◆ Problem statement
Below this line are records; write out exactly the lines from the one containing "Elektrické projekční plátno" through the one containing "Bracelet: Audemars Piguet", with the pictures left out.

BEGIN Given data

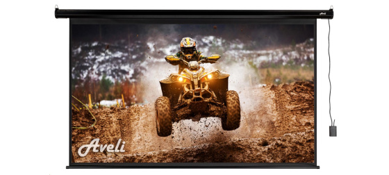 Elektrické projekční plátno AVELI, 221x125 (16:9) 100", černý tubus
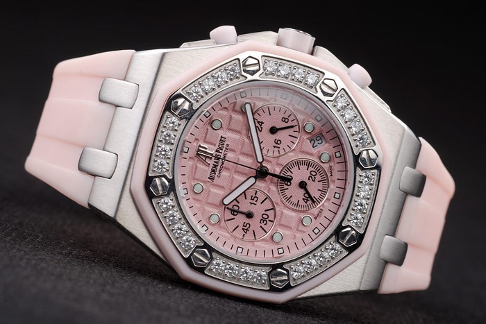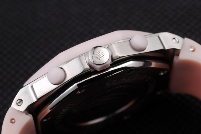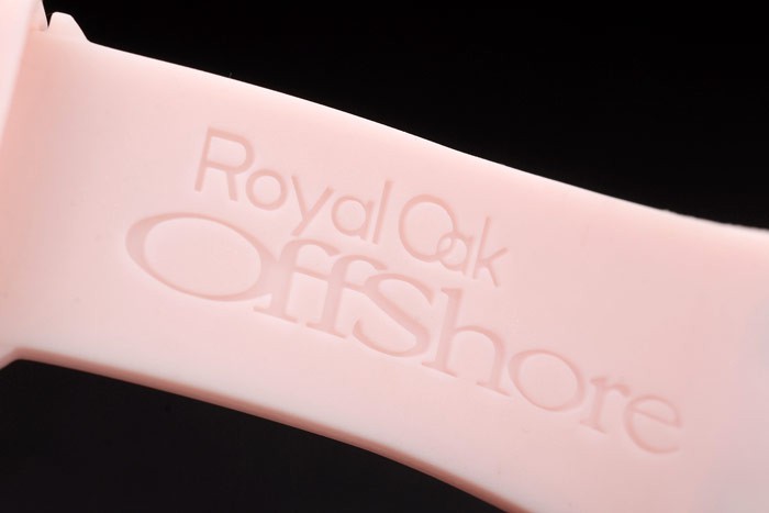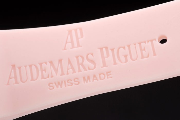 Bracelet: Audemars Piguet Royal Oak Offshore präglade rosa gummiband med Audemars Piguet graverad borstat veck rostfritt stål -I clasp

END Given data
BEGIN Given data

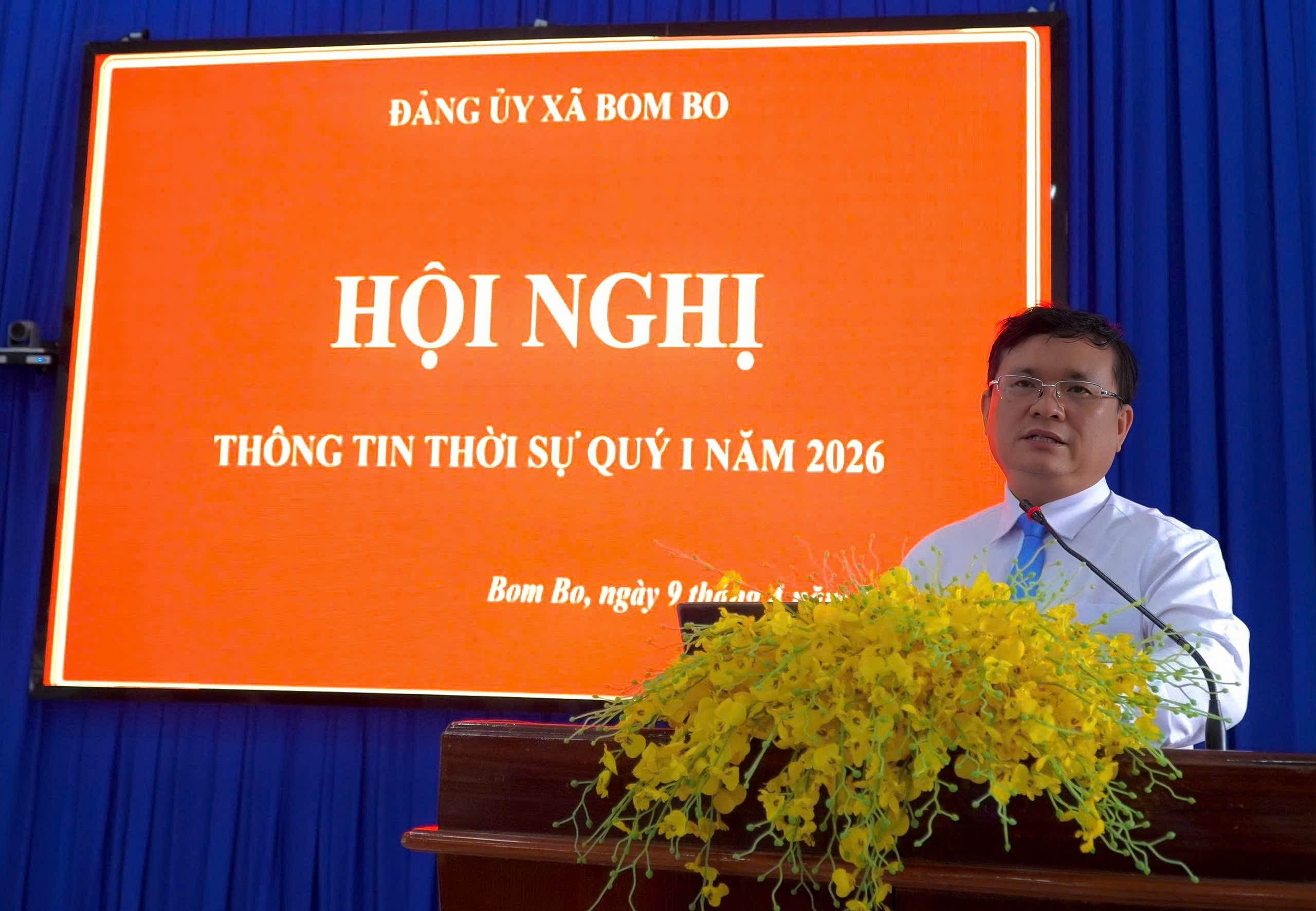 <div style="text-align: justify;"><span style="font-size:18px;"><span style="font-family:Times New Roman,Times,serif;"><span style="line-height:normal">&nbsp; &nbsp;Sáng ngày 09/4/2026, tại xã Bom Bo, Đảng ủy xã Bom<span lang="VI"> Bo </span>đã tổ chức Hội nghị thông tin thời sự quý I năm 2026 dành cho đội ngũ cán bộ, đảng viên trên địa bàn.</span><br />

END Given data
BEGIN Given data

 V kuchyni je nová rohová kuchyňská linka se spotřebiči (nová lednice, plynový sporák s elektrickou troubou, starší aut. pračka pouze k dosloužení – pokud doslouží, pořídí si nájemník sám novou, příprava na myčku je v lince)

END Given data

◆ Expected output
 Elektrické projekční plátno AVELI, 221x125 (16:9) 100", černý tubus
 Bracelet: Audemars Piguet Royal Oak Offshore präglade rosa gummiband med Audemars Piguet graverad borstat veck rostfritt stål -I clasp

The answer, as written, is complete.